» **AIM OF THE EXERCISE**
Repeat only the lines below from the one containing "Рис. 1. Принцип" through the one containing "The report represents", inclusive, exactly as written.

» **DATASET EXCERPTS**

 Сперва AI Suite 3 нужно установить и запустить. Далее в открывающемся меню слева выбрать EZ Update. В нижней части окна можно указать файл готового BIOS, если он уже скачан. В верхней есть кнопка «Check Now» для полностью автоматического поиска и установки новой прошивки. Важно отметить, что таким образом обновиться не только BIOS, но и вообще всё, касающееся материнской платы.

---

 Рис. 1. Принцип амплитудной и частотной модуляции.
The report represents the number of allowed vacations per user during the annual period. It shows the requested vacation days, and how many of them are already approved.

...

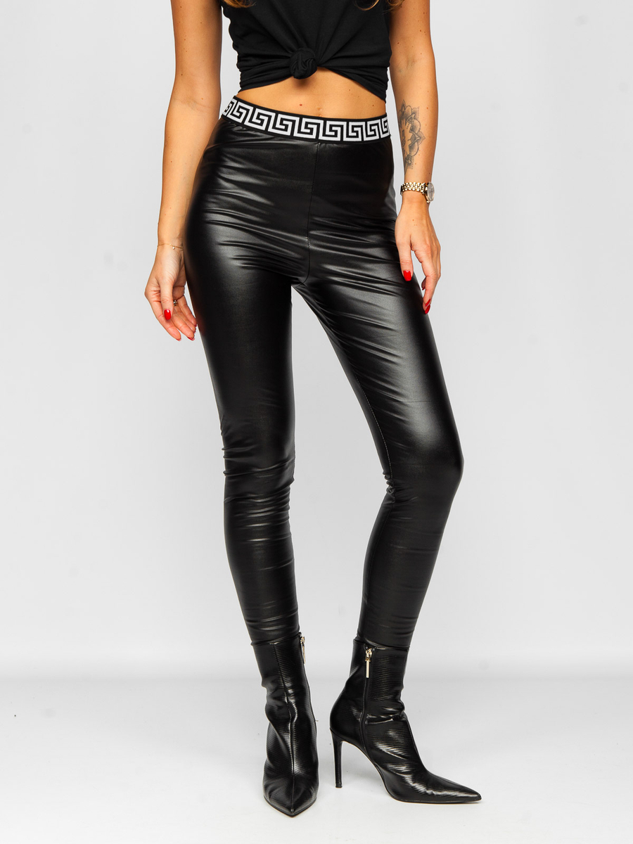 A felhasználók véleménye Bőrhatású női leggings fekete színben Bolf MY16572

» **COMPLETED TASK**
 Рис. 1. Принцип амплитудной и частотной модуляции.
The report represents the number of allowed vacations per user during the annual period. It shows the requested vacation days, and how many of them are already approved.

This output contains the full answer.